Learning Multi-Step Reasoning by Solving Arithmetic Tasks
This work addresses the challenge of making multi-step reasoning more accessible for smaller language models, which could benefit applications requiring mathematical problem-solving without extensive computational resources, though it is incremental as it builds on existing chain-of-thought methods.
The paper tackles the problem of enabling smaller language models to perform multi-step reasoning, which typically requires large models, by continually pre-training them on a synthetic dataset of multi-step arithmetic tasks, resulting in enhanced performance on four math word problem datasets.

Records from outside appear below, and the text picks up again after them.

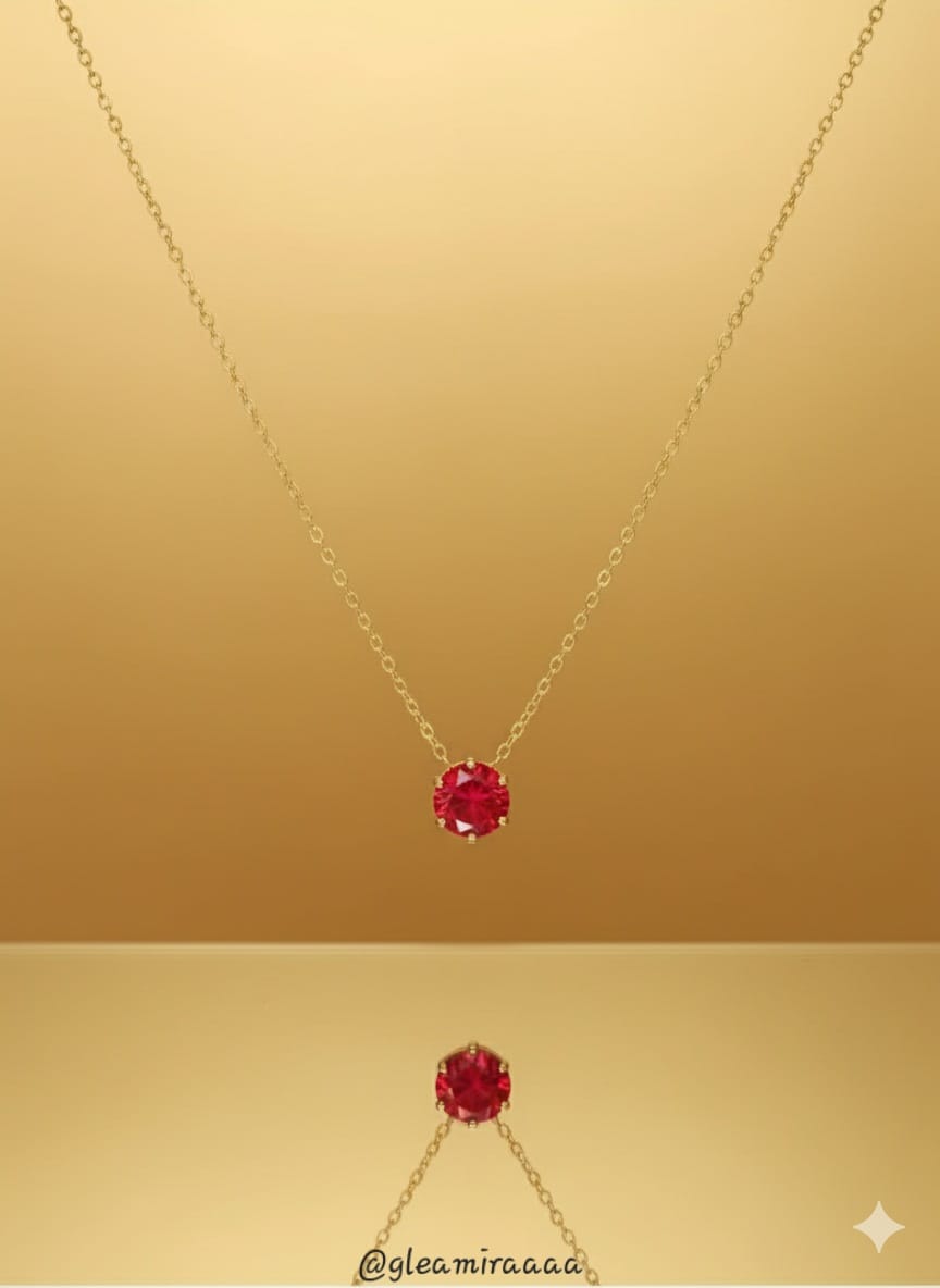 Make a bold and beautiful statement with our Gleamira Fiery Red Solitaire Gemstone Necklace. This captivating piece showcases a brilliant, round-cut gemstone in an intense ruby-red hue, expertly faceted to catch every glint of light. Set on a delicate gold-tone chain, the vibrant red gem offers a striking contrast against the warm gold, symbolizing passion and strength. Perfect for adding a touch of drama to an evening look or a pop of luxurious color to your everyday style, this necklace is designed to turn heads. It’s a magnificent gift for those who adore classic elegance with a fiery spirit.
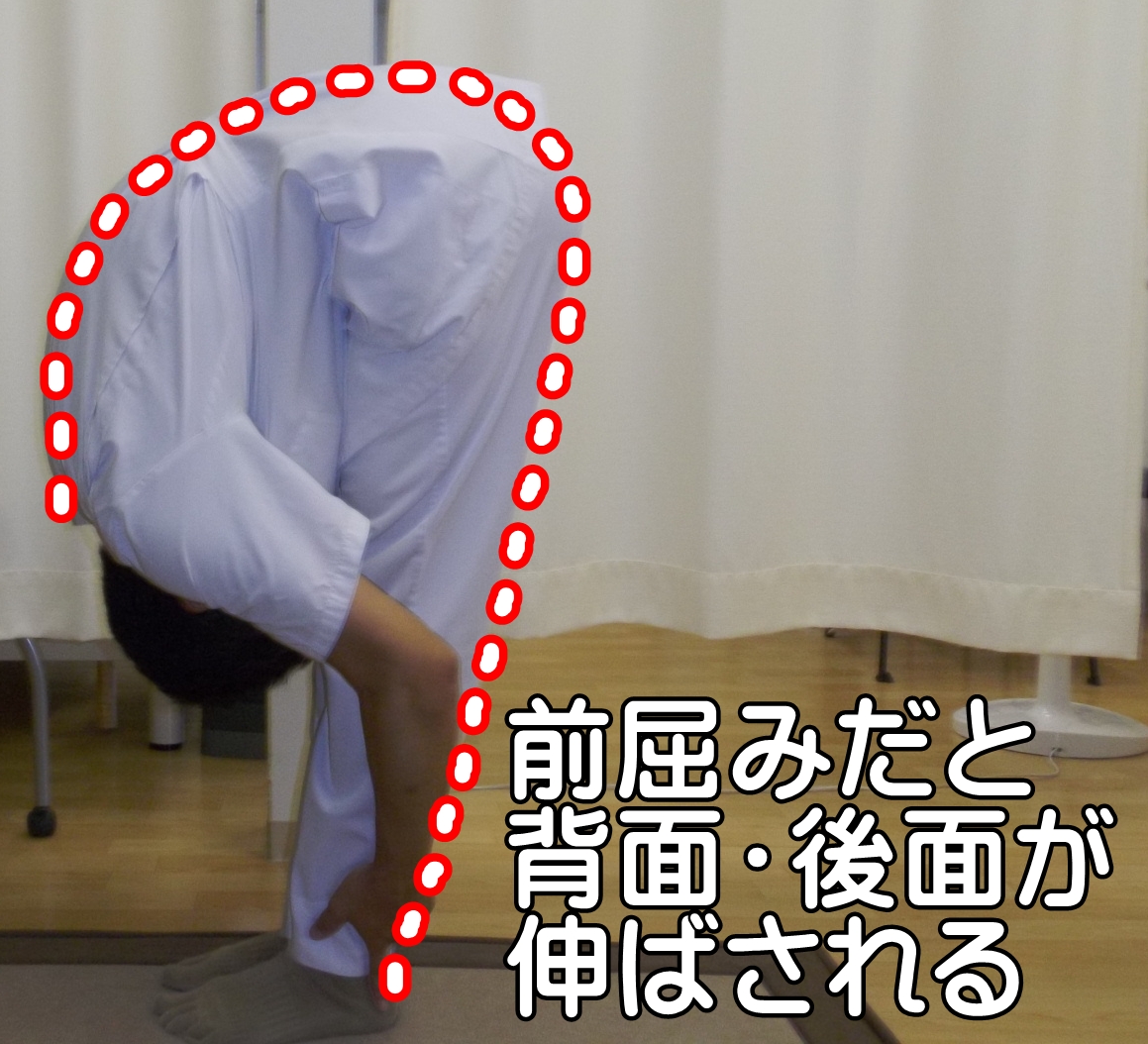 前屈みだと背面後面が伸ばされ緊張する
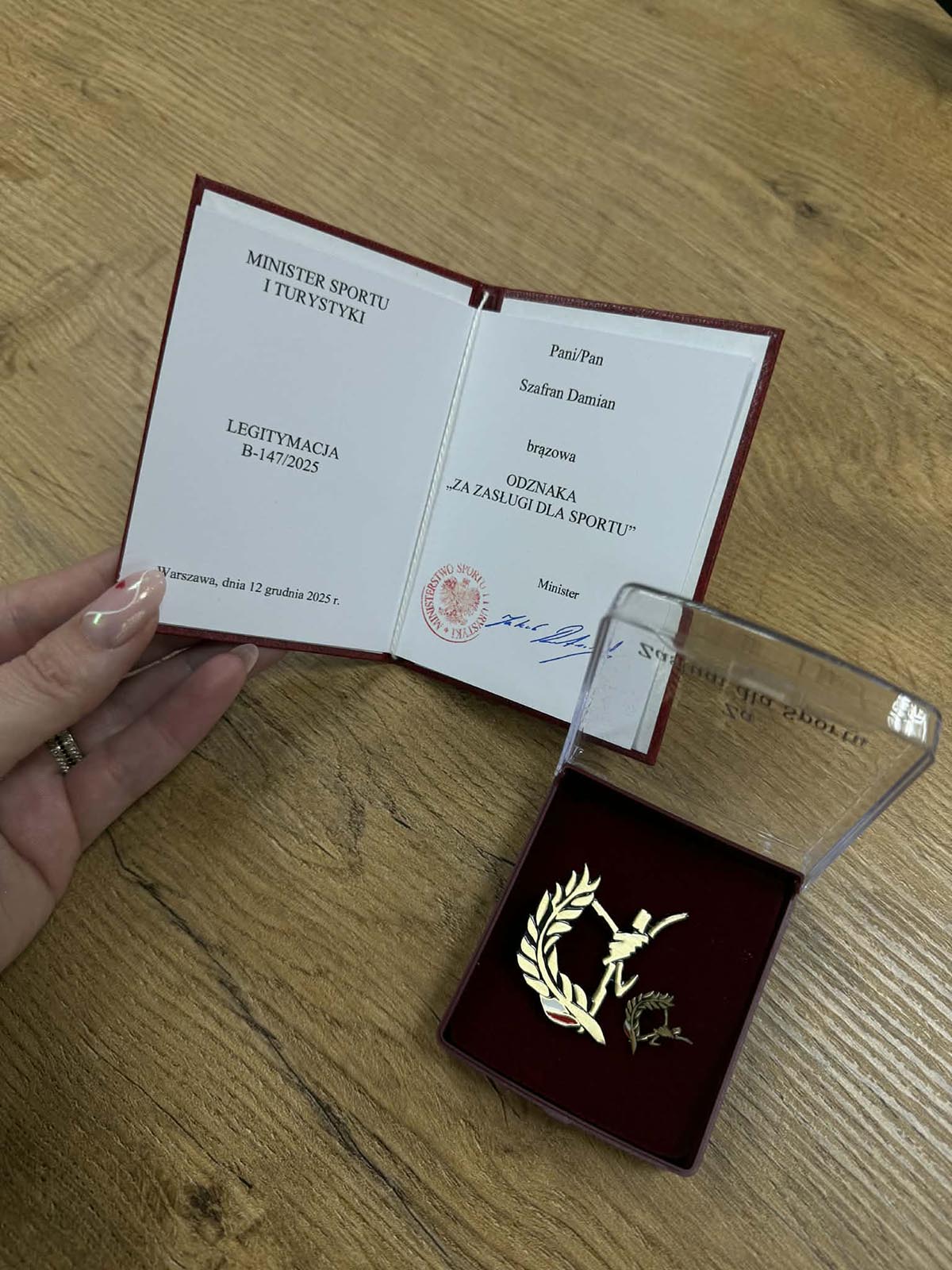 Uroczystość odbyła się dziś w Starostwie Powiatowym, a odznakę „Za Zasługi dla Sportu” wręczono Damianowi Szafranowi, nie tylko sportowcowi z dużymi osiągnięciami, ale jednocześnie trenerowi, animatorowi sportu i założycielowi klubu „Husaria”. Odznakę Gołdapianin przyjął z rąk wojewody Radosława Króla.

Mathematical reasoning is regarded as a necessary ability for Language Models (LMs). Recent works demonstrate large LMs' impressive performance in solving math problems. The success is attributed to their Chain-of-Thought (CoT) reasoning abilities, i.e., the ability to decompose complex questions into step-by-step reasoning chains, but such ability seems only to emerge from models with abundant parameters. This work investigates how to incorporate relatively small LMs with the capabilities of multi-step reasoning. We propose to inject such abilities by continually pre-training LMs on a synthetic dataset MsAT which is composed of Multi-step Arithmetic Tasks. Our experiments on four math word problem datasets show the effectiveness of the proposed method in enhancing LMs' math reasoning abilities.